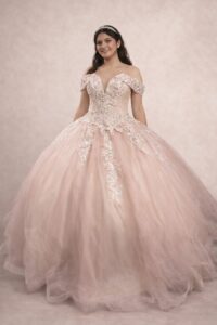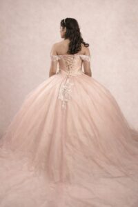 Vestido de xv años de de manga off shoulder en color rosa coral , corset con bordado y adornos de la mejor calidad
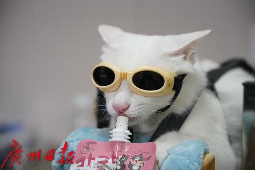 3月17日,猫星人在爱诺百思动物医院接受激光治疗。
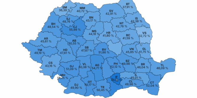 La nivel național, prezența la vot la ora 21:00, cu tot cu votul din diaspora, era de 53,21%, peste 9,5 milioane de alegători trecând pe la urne.

======

_EXERCISE DETAILS_
Every line above gets copied exactly; none of the pictures do.

_RESPONSE TO THE EXERCISE_
 Vestido de xv años de de manga off shoulder en color rosa coral , corset con bordado y adornos de la mejor calidad
 3月17日,猫星人在爱诺百思动物医院接受激光治疗。
 La nivel național, prezența la vot la ora 21:00, cu tot cu votul din diaspora, era de 53,21%, peste 9,5 milioane de alegători trecând pe la urne.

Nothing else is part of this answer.